The task -
Leave out the pictures and output the data verbatim.

(Dataset excerpts begins)

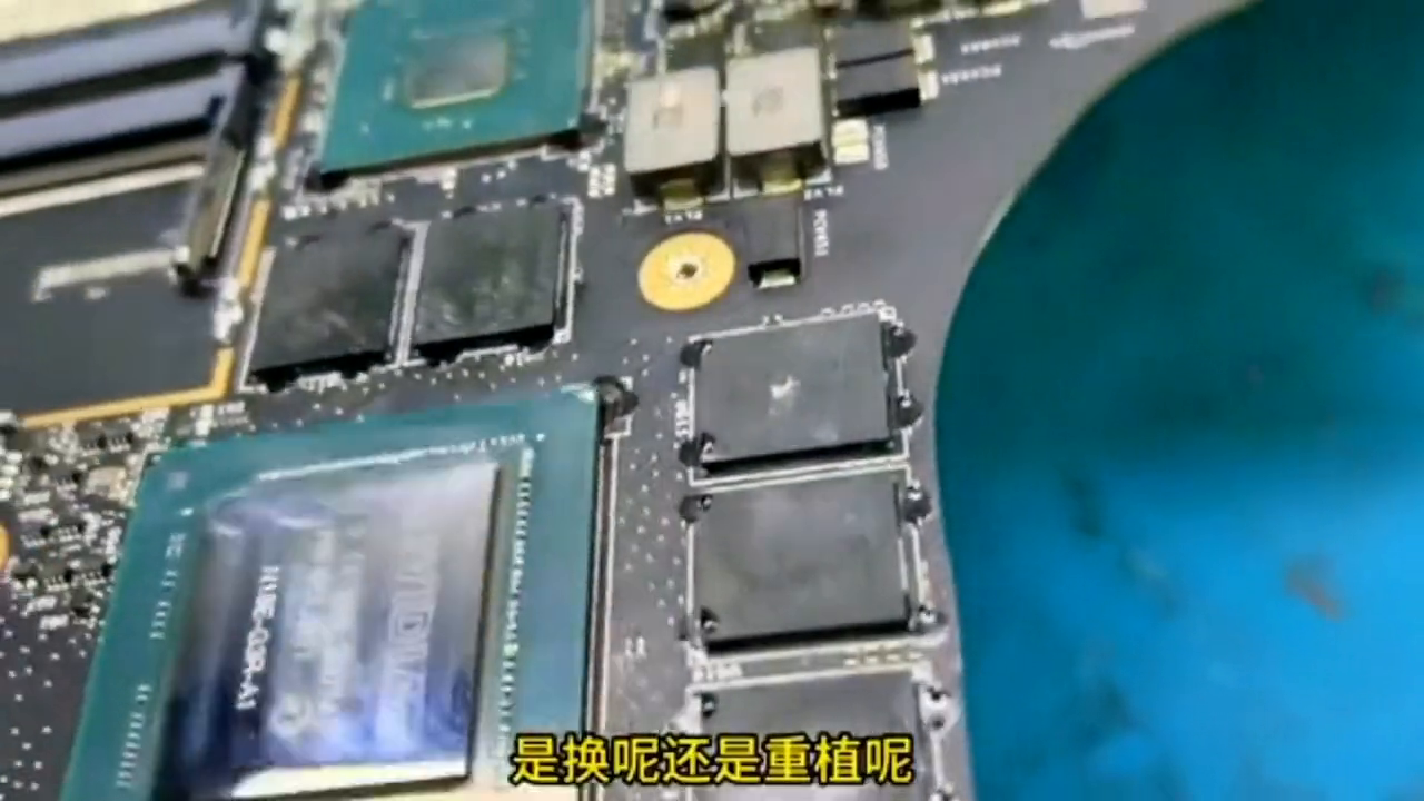 像这种主板做BGA的次数尽量不要太多,像这种板子你可能焊个四五六七八次,它的焊盘会漏铜,甚至有可能会变形,你再换的话它就焊不上了。所以像这种二修的还是尽量不换核心比较好。像这种我推荐你要么去换主板,要么就改用集显算了。
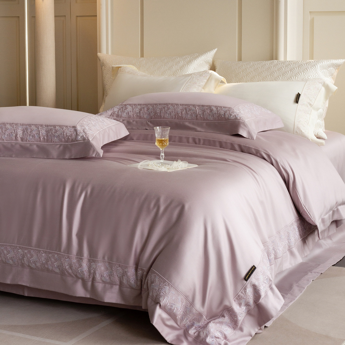 Элитный комплект, простыня, демисезонный мягкий пододеяльник, удерживающее тепло покрывало, 4 предмета, с вышивкой
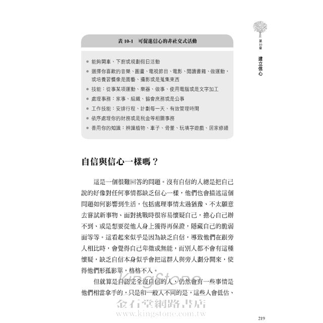 自在做自己/確認你的目標/隨時掌握進度/用自己的步調嘗試新事物/有效及無效的問題因應方式/規劃無壓力的活動:均衡的概念/對付孤單或寂寞的首要方法/務必牢記的心法/常見的Q&A
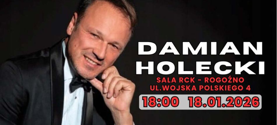 Rogozińskie Centrum Kultury zaprasza dziś na koncert Damiana Holeckiego – popularnego wokalisty i kompozytora, znanego z melodyjnych utworów utrzymanych w popowym stylu z elementami ballady.
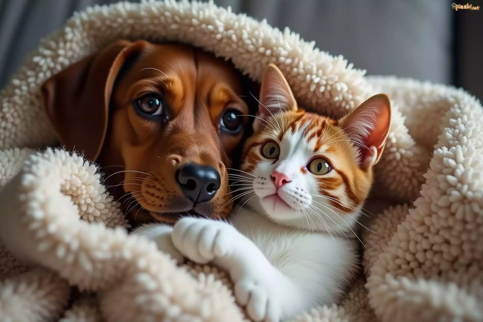 Pies Biało-rudy, Kot, Brązowy, Pies, Koc
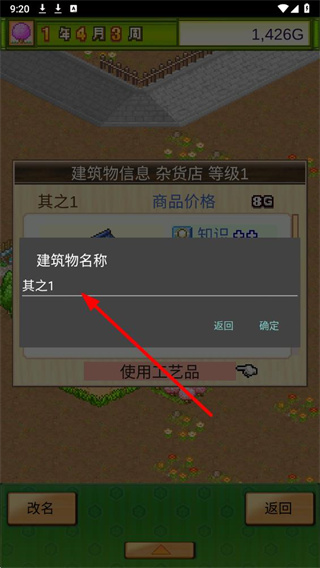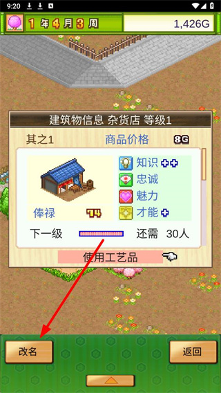 2、在建筑物信息界面中,点击底部的改名按钮,弹出建筑物名称输入框。
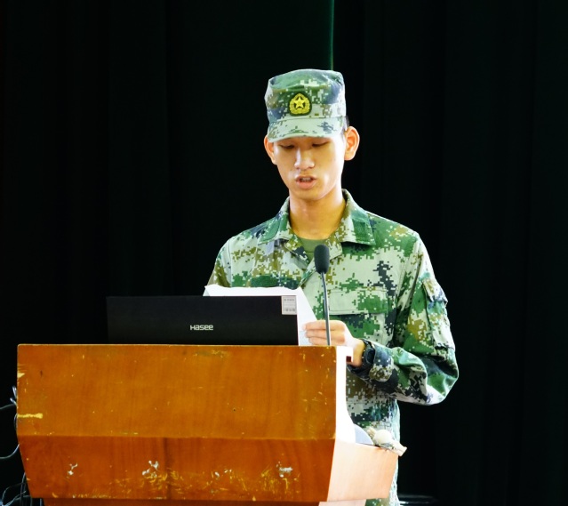 19级计算机科学与技术专业学生、退伍军人王靖钦分享军旅生涯,鼓励新生应征入伍。摄影记者 宋学成
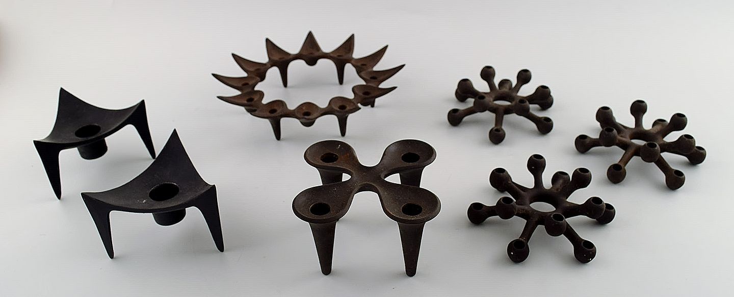 Jens H. Quistgaard, collection of candlesticks in cast iron.
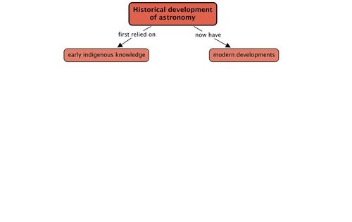 Throughout this year we have been looking at how to produce concept maps after each chapter. This is now your chance to make your own concept map. The concepts in this chapter about the development of astronomy can easily be divided into two main themes. Firstly, about "early indigenous knowledge" and then about the "modern developments" that people have made and are still making. The concept map has been started for you. Copy this into your notebook to first practice drawing your concept map. Once you have your final version, with the help of your teacher, draw it into the space below to act as the summary for this chapter.
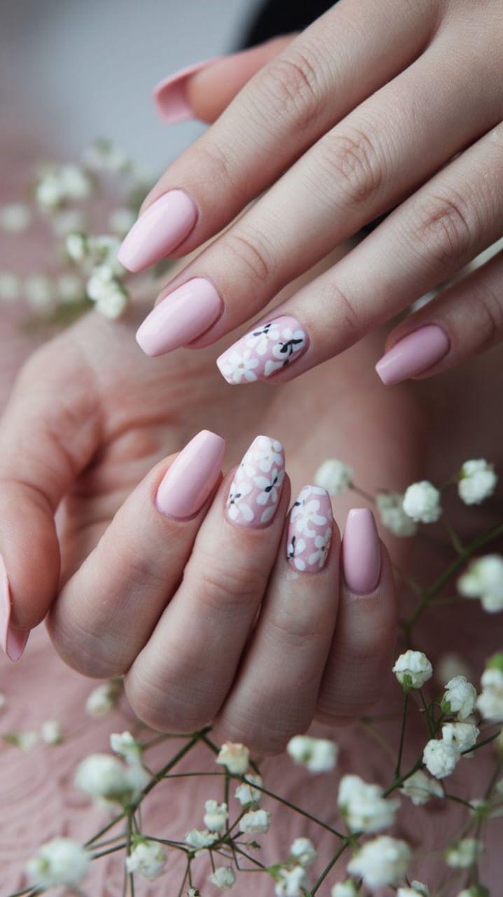 Soft blush pink nails give this design a clean and graceful look. White floral accents add a romantic, early-spring feel. The overall style feels calm, feminine, and timeless.
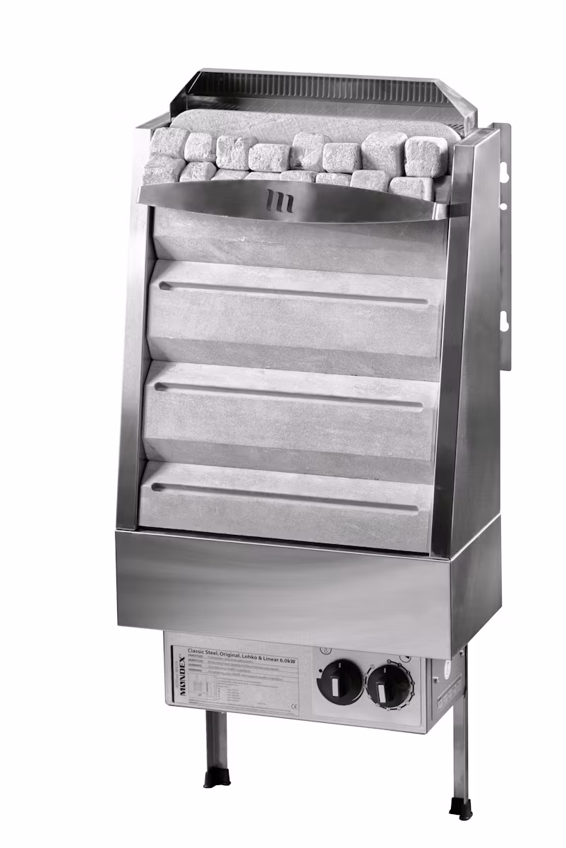 Mondex, suomalainen avainlipputuote on turvallinen valinta joka saunaan. Classic Steelin tyylikäs pelkistetty sileä kivipinta tuo saunaasi suoraviivaista ulkonäköä. Käyttökytkimien kätisyys vaihdettavissa vasemmalle, oikealle tai eteen. Mondex Classic Steel 6,0 kW kiukaan suositeltava saunan koko on 5-8 m3. Päälläoloaika 0-4 h ja ennakkoajastin maks. 8 h. Suojaetäisyys palavaan materiaaliin edessä 30 cm, sivuilla 7 cm. Voidaan asentaa suoraan paneeliseinään. Huomioikaa kiukaan mitoituksessa eristämättömät pinnat sekä lasipinnat ja ikkunat. Nämä kasvattavat kiukaan tehontarvetta.

(Dataset excerpts ends)

Task response -
 像这种主板做BGA的次数尽量不要太多,像这种板子你可能焊个四五六七八次,它的焊盘会漏铜,甚至有可能会变形,你再换的话它就焊不上了。所以像这种二修的还是尽量不换核心比较好。像这种我推荐你要么去换主板,要么就改用集显算了。
 Элитный комплект, простыня, демисезонный мягкий пододеяльник, удерживающее тепло покрывало, 4 предмета, с вышивкой
 自在做自己/確認你的目標/隨時掌握進度/用自己的步調嘗試新事物/有效及無效的問題因應方式/規劃無壓力的活動:均衡的概念/對付孤單或寂寞的首要方法/務必牢記的心法/常見的Q&A
 Rogozińskie Centrum Kultury zaprasza dziś na koncert Damiana Holeckiego – popularnego wokalisty i kompozytora, znanego z melodyjnych utworów utrzymanych w popowym stylu z elementami ballady.
 Pies Biało-rudy, Kot, Brązowy, Pies, Koc
 2、在建筑物信息界面中,点击底部的改名按钮,弹出建筑物名称输入框。
 19级计算机科学与技术专业学生、退伍军人王靖钦分享军旅生涯,鼓励新生应征入伍。摄影记者 宋学成
 Jens H. Quistgaard, collection of candlesticks in cast iron.
 Throughout this year we have been looking at how to produce concept maps after each chapter. This is now your chance to make your own concept map. The concepts in this chapter about the development of astronomy can easily be divided into two main themes. Firstly, about "early indigenous knowledge" and then about the "modern developments" that people have made and are still making. The concept map has been started for you. Copy this into your notebook to first practice drawing your concept map. Once you have your final version, with the help of your teacher, draw it into the space below to act as the summary for this chapter.
 Soft blush pink nails give this design a clean and graceful look. White floral accents add a romantic, early-spring feel. The overall style feels calm, feminine, and timeless.
 Mondex, suomalainen avainlipputuote on turvallinen valinta joka saunaan. Classic Steelin tyylikäs pelkistetty sileä kivipinta tuo saunaasi suoraviivaista ulkonäköä. Käyttökytkimien kätisyys vaihdettavissa vasemmalle, oikealle tai eteen. Mondex Classic Steel 6,0 kW kiukaan suositeltava saunan koko on 5-8 m3. Päälläoloaika 0-4 h ja ennakkoajastin maks. 8 h. Suojaetäisyys palavaan materiaaliin edessä 30 cm, sivuilla 7 cm. Voidaan asentaa suoraan paneeliseinään. Huomioikaa kiukaan mitoituksessa eristämättömät pinnat sekä lasipinnat ja ikkunat. Nämä kasvattavat kiukaan tehontarvetta.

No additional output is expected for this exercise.